Faraday Discussions | 2018
Melika Payvand; Manu V Nair; Lorenz K. Müller; Giacomo Indiveri
Memristive devices represent a promising technology for building neuromorphic electronic systems. In addition to their compactness and non-volatility, they are characterized by their computationally relevant physical properties, such as their state-dependence, non-linear conductance changes, and intrinsic variability in both their switching threshold and conductance values, that make them ideal devices for emulating the bio-physics of real synapses.

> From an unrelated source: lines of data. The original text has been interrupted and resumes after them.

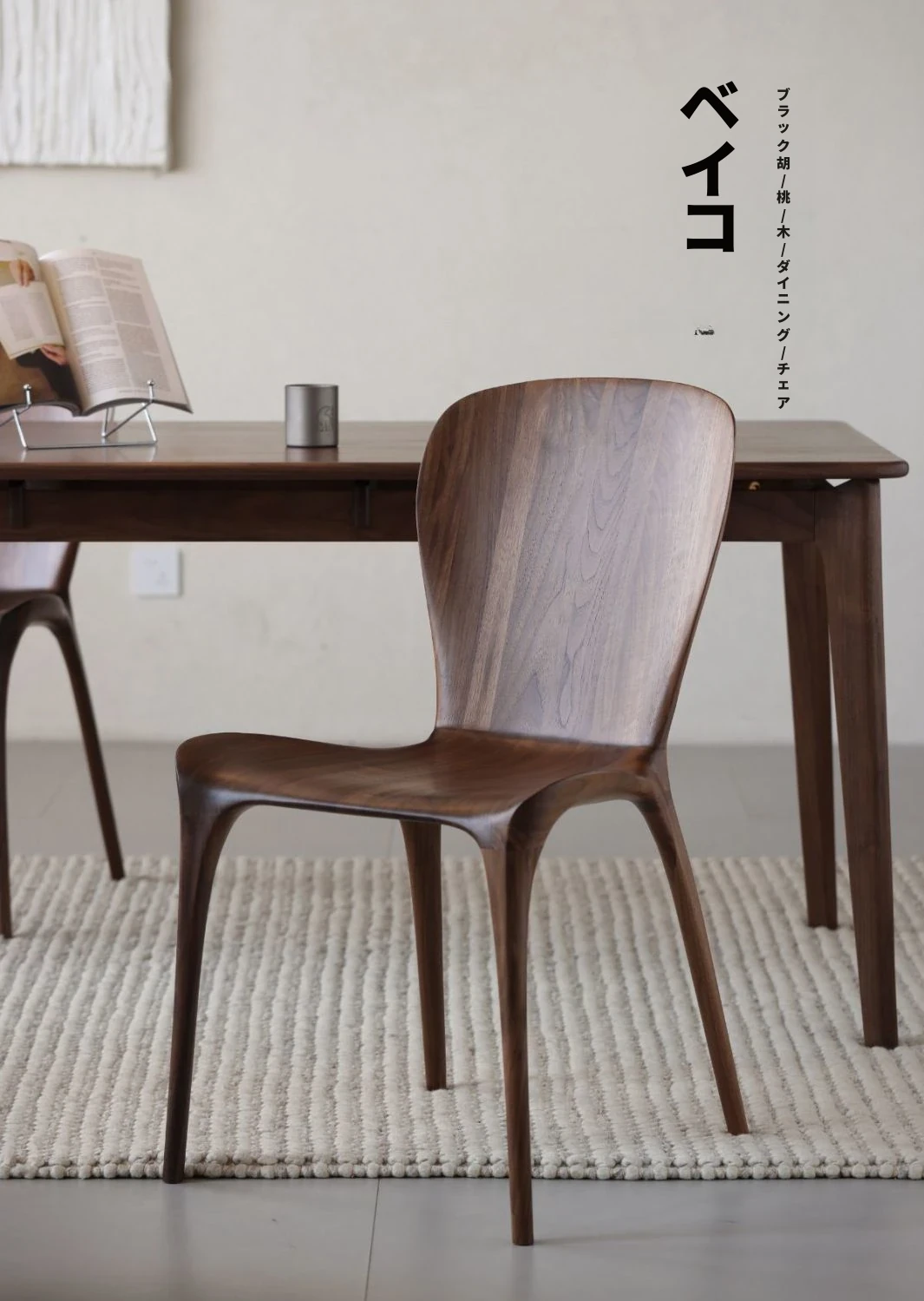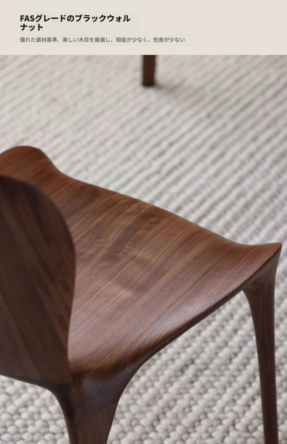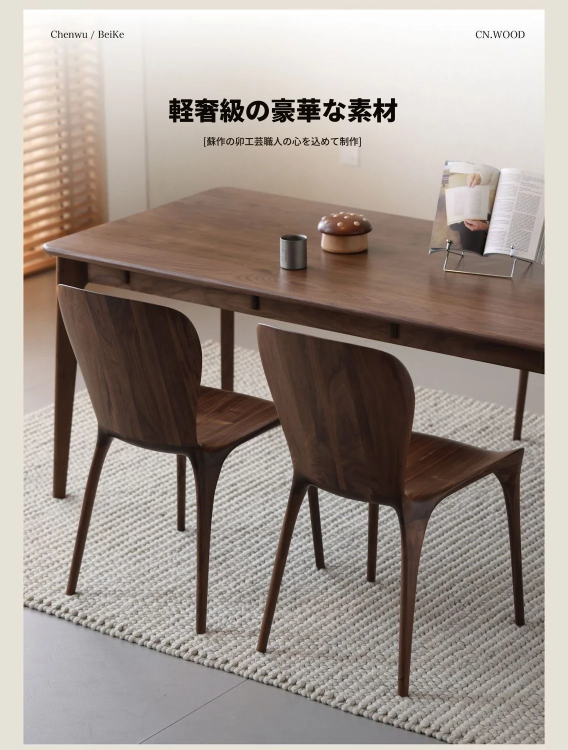 北米産ブラックウォールナット無垢材ダイニングチェア - 優れた榫接ぎ技術で作られたエレガントなユリカチェア。リラックスできる背もたれ付き、食事やティータイム、書斎にも最適な一品!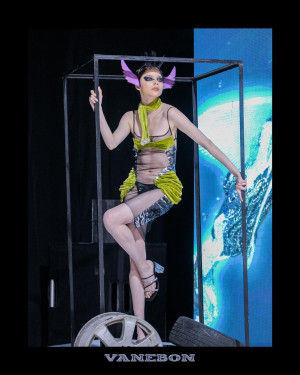 VANEBON, her eponymous label, is inspired by the figure of the retro-futurist heroines to create a wardrobe befitting the female of the future. Ultra-feminine silhouettes converge with sharp panelling, volume with structure, luxurious embellishments with bi-tech materials to create a fusion of glamour and sportswear.
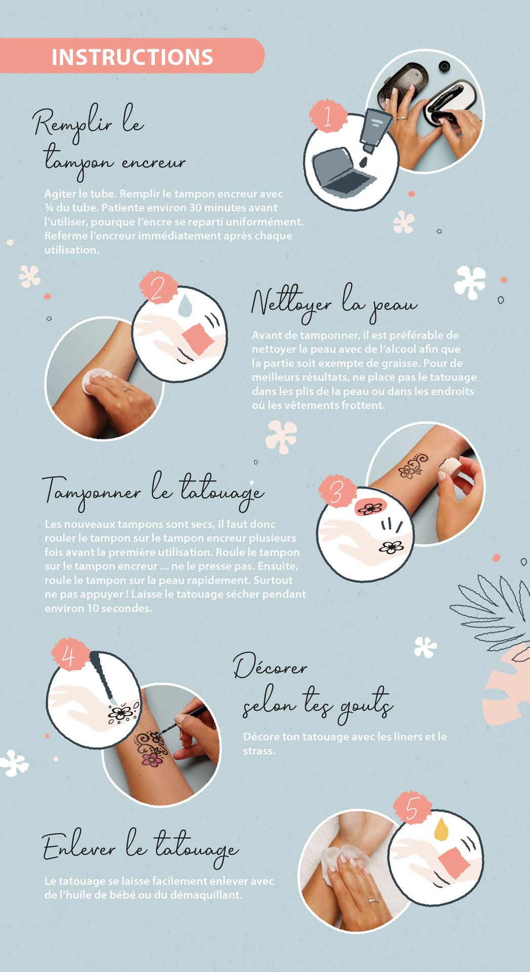 - Ensuite décorez votre tatouage avec des liners , des strass , et des paillettes (appliquer de la colle dermique avant, fournie avec)
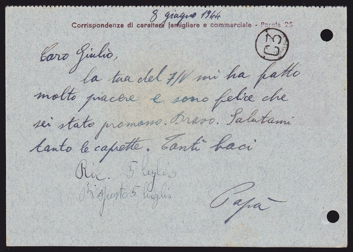 Islands-Rhodes: 1944 Rodi 30c brown on bluish illustrated Postal Card (1st half of double reply card) -file punches at left, with Italian & German text, uprated Rodi Wing 50c with 'Posta Aerea 9 6 44' cds. To Italy, with censor h/s in red, & 2 other
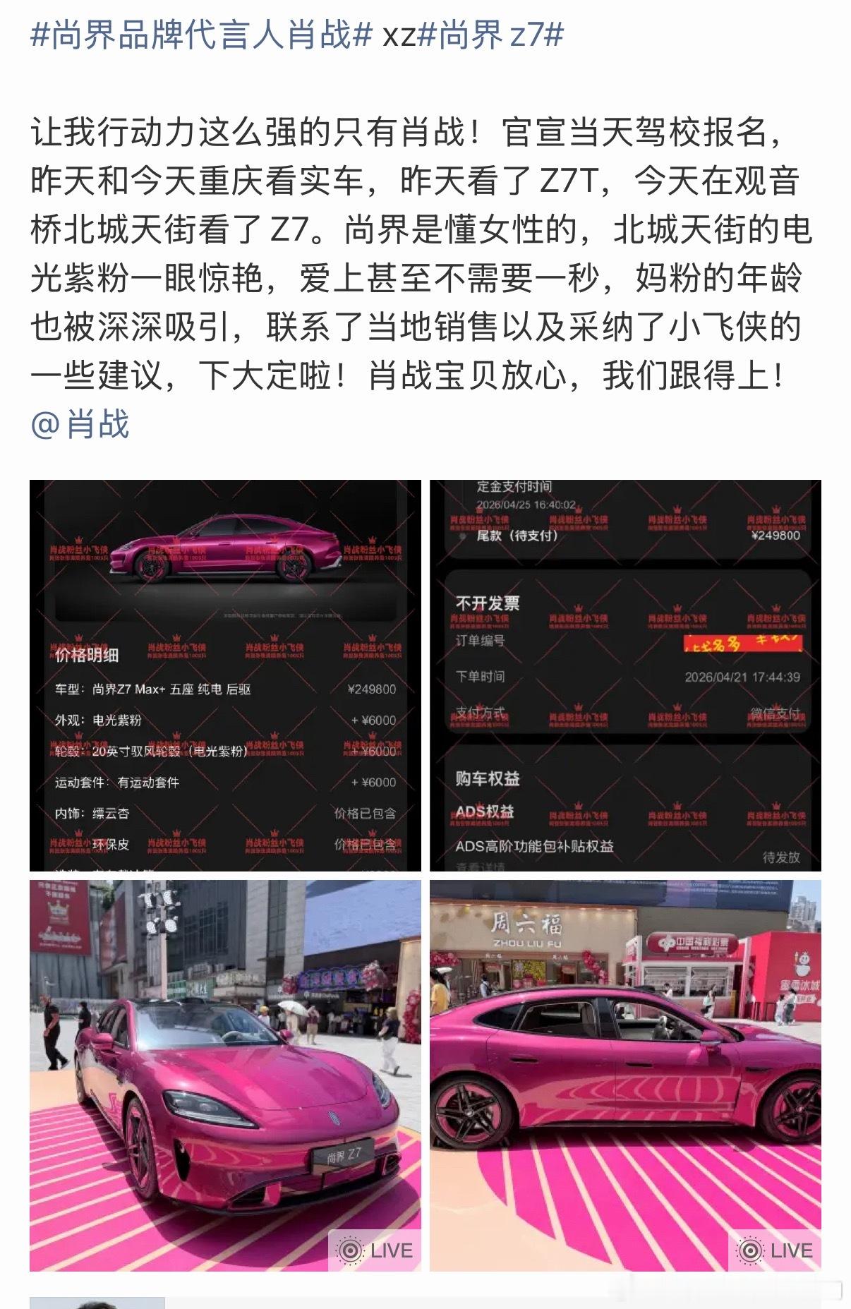 怎么还有人未考驾照就买车的都当妈粉了,这会儿知道报名学车了哈哈哈,也就肖战有这个影响力和号召力话说这颜色真的好大胆明艳尚界品牌代言人肖战

In this paper we present a spiking neural network architecture that supports the use of memristive devices as synaptic elements and propose mixed-signal analog-digital interfacing circuits that mitigate the effect of variability in their conductance values and exploit their variability in the switching threshold for implementing stochastic learning. The effect of device variability is mitigated using pairs of memristive devices configured in a complementary push-pull mechanism and interfaced to a current-mode normalizer circuit. The stochastic learning mechanism is obtained by mapping the desired change in synaptic weight into a corresponding switching probability that is derived from the intrinsic stochastic behavior of memristive devices. We demonstrate the features of the CMOS circuits and apply the architecture proposed to a standard neural network hand-written digit classification benchmark based on the MNIST data-set. We evaluate the performance of the approach proposed in this benchmark using behavioral-level spiking neural network simulation, showing both the effect of the reduction in conductance variability produced by the current-mode normalizer circuit and the increase in performance as a function of the number of memristive devices used in each synapse.